# ECNL vs DA Games????



## Justus (Sep 5, 2019)

https://www.socceramerica.com/publications/article/83522/ecnl-president-christian-lavers-games-between-da.html?utm_source=newsletter&utm_medium=email&utm_content=headline&utm_campaign=22185&hashid=HgQcUF3AUkQhka4F2net6MXz-ic

Q.  What rules will we use for the games?  
A.  Have "all star" game per each age group mid season to decide the rules for that year?  I'm good with giving the DA home field advantage and we can use the DA rules for the first year if they don't want to go head to head to decide the rules in All Star game.  

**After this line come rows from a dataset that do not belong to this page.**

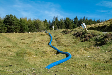 The blue water supply pipe coming from of Lough Anna, the drinking water supply for Glenties and Ardara - County Donegal, Ireland
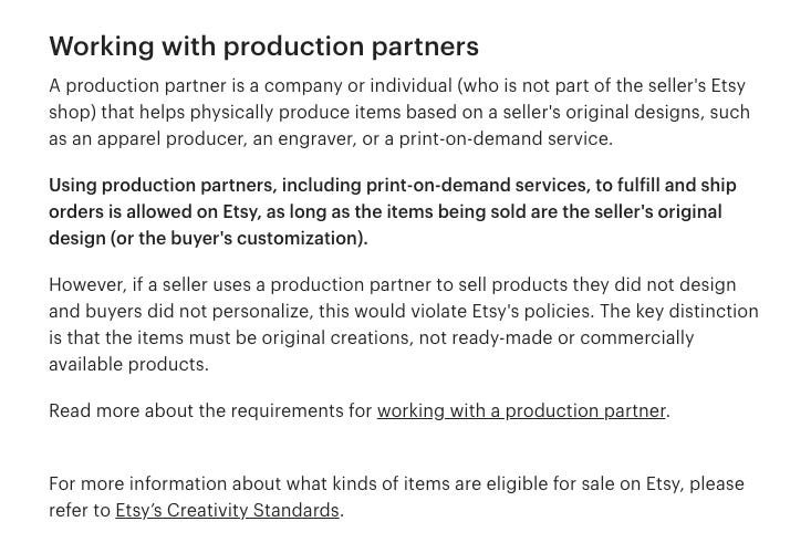 Etsy’de Amazon’da olduğu gibi platformlar arası dropshipping yapmak yasak. Ancak üretim partnerleri ile çalışmak serbest.
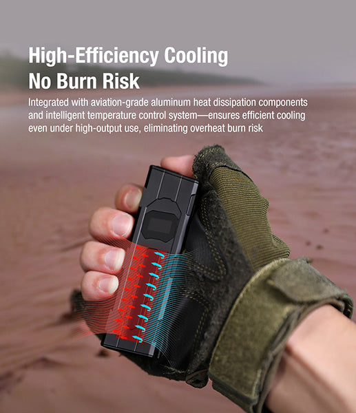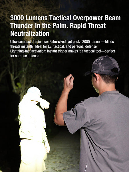 La lampe propose 5 modes d'éclairage adaptés à toutes les situations tactiques : mode Turbo pour neutralisation rapide des menaces, mode High pour éclairage intensif, mode Moonlight pour préservation de la vision nocturne, mode Strobe pour désorientation tactique, mode SOS pour signalisation d'urgence et mode beacon pour signaler sa position. Son système de refroidissement haute efficacité avec composants de dissipation thermique grade aéronautique et contrôle intelligent de température élimine les risques de surchauffe.
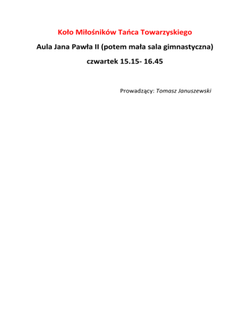Koło Miłośników Tańca Towarzyskiego Aula Jana Pawła II (potem mała sala gimnastyczna) czwartek 15.15- 16.45 Prowadzący: Tomasz Januszewski

Bridge the divide for the kids and for me too


----------



## Justus (Sep 5, 2019)

*SA: In October of 2018, U.S. Soccer President Carlos Cordeiro announced the creation of a Youth Task Force. One of the areas it was supposed address was the nation's "fragmented and fractured landscape." Have you been contacted by this Task Force? Do you have any idea if the Task Force is doing anything to mediate the acrimony between U.S. Soccer and the ECNL?*

*CHRISTIAN LAVERS:* I am a member of one committee of this Task Force -- the committee on Standards and Certification. That committee has had several teleconference meetings over the past months, and I am hopeful that there will be positive progress that comes out of this these discussions.

Q.  Any parents from SoCal on the "task Force" committee or any parent for that matter?  I think we should have someone there at the table.  I know I'm way too emotional to represent us.  Any takers?


----------



## Justus (Sep 5, 2019)

I would get the two groups together and tell them if they can fix SoCal, then anything is possible.
-ECNL needs to acknowledge and apologize for not having a transparent selection process for SoCal clubs to get a crack at the league.  
-DA needs to acknowledge and apologize for causing all this in the first place.  It's like pulling a tooth on a 12 year old that's not loose yet.  Way too fast DA.  Let's have two paths to choose from and try and work this all out.  
-Parents need to be able to ask more questions without the fear of retaliation if we disagree or go somewhere else to play. 
Let's get this cleaned up for the sake of the girls and the game we all love


----------